BA-owner IAG more cautious on recovery than competitors

British Airways-owner IAG (ICAG.L) said summer capacity would rise to 45% of pre-pandemic levels, a more cautious bet than rivals as its transatlantic business has yet to fully reopen.

IAG’s 45% Q3 capacity plan is a significant jump over the 22% it flew in the March-June quarter, but puts it some way behind Air France-KLM (AIRF.PA), easyJet (EZJ.L) and Ryanair (RYA.I), which IAG’s CEO blamed on the partial closure of the U.S. market.

“The weight of our network is balanced to the Atlantic,” Chief Executive Luis Gallego told reporters on Friday, adding that it was possible that IAG would beat its 45% plan this quarter.

“That’s what we think we are going to fly, but we are ready to fly more,” he said.

For the October-December quarter, IAG was ready to fly up to 75% of its 2019 capacity, he said.

British Airways, usually IAG’s most profitable airline, has been hammered by restrictions in its home market that have been tighter and lasted longer than those in Europe, allowing the group’s Spanish airlines Iberia and Vueling to recover faster.

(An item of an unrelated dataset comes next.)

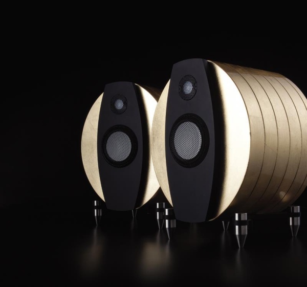 필자는 얼마 전 새로운 색소폰의 선택에 앞서 한동안 고심한 적이 있다. 사운드에서와 마찬가지로 외관상 독특한 제품을 마음에 두었기 때문이었는데, 유명 메이커의 빈티지는 음이 좋은 반면 너무 오래되어 병약한 노인을 대하는 것처럼 마음이 편하지 않아서였고, 가까운 나라에서 생산되는 외관상 번뜻한 악기들은 음이 마음에 들지 않아서였다. 그러던 중 지인으로부터 연락이 왔다. 이탈리아 수제품을 추천하고 싶다는 것이었다. 그때까지 이탈리아의 색소폰을 한 번도 만나 본 적이 없어 선뜻 내키지 않았는데, 그때 갑자기 과르네리 오마주의 생각이 머리를 스쳐 지나갔다. 소장하고 싶었던 스피커를 소장할 수 없어서였는지 이루지 못한 첫사랑의 연인처럼 머릿속에 아른거리며 남아 있었기 때문이었을 것이다. 하여 찾아가 실물을 보고 연주도 해보았는데 마음에 들었다. 금도금이었지만 무광으로 여타 유명 제품처럼 번쩍번쩍거리며 잘난 척하지도 않았고, 수제품으로 정성을 다한 모습에다 과르네리 오마주에서 느꼈던 이탈리아 장인 정신으로 만들어졌을 것이라는 기대감이 작용했던 것 같다. 한데 오늘 만난 이 스피커 역시 인클로저 컬러가 새로 구입한 색소폰의 컬러와 기막힐 정도로 똑같다. 무광택 나무 위의 금색과 금속 위의 금도금이란 점에서만 다르지 않다면 말이다. 아마도 금에 대한 컬러의 감성에서 두 메이커의 감성이 맞아떨어진 것이겠지만, 어쨌든 처음 보는 스피커이지만 이 제품에 대한 친근감이 생겨 낯설지 않게 느껴진다.

They are set to fly around 70% of their capacity this summer, showing how UK restrictions and last minute rule changes have dragged on BA.

Britain will lift more restrictions on arrivals from the United States on Monday, allowing a partial reopening of the transatlantic, but the United States continues to be closed to UK and European arrivals.

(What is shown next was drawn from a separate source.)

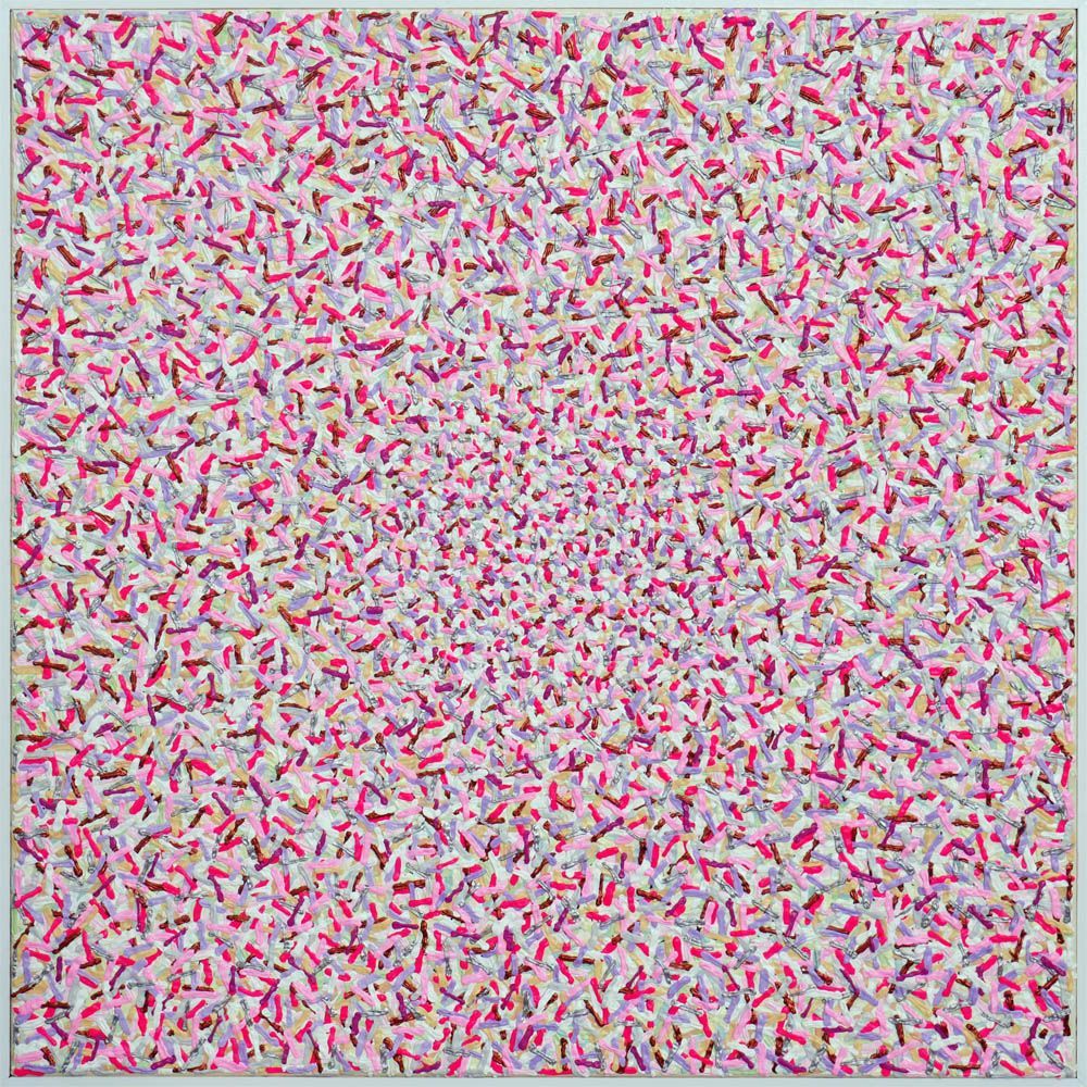 De voorpagina van de krant schreeuwt om aandacht. Net als een krant is het schilderij opgebouwd uit lagen / pagina’s. Elke laag met een eigen identiteit.

“Further opening up of the U.S. market during Q3, which may yet happen, would be a significant catalyst for the stock,” said Bernstein analyst Daniel Roeska.

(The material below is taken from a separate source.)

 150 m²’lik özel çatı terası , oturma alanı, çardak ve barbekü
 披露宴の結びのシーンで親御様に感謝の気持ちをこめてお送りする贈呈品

Air France-KLM (AIRF.PA), which compared to BA has benefited from the earlier opening of Europe to U.S. passengers, said on Friday it expected third quarter capacity at 60-70% of 2019 levels.

Short-haul rivals EasyJet (EZJ.L) and Ryanair (RYA.I) are also ahead of IAG, aiming for 60% summer capacity and July passenger numbers at two-thirds of 2019 levels respectively.

Low levels of flying due to ongoing pandemic restrictions meant that for the three months to the end of June, IAG reported an underlying operating loss of 1.045 billion euros ($1.24 billion), in line with a consensus forecast for a 1.036 billion euros loss.

Asked if there could be further redundancies after BA last year announced more than 10,000 jobs would go, Gallego said that was not what he expected, but that he would like to see the UK furlough scheme extended to the end of 2021.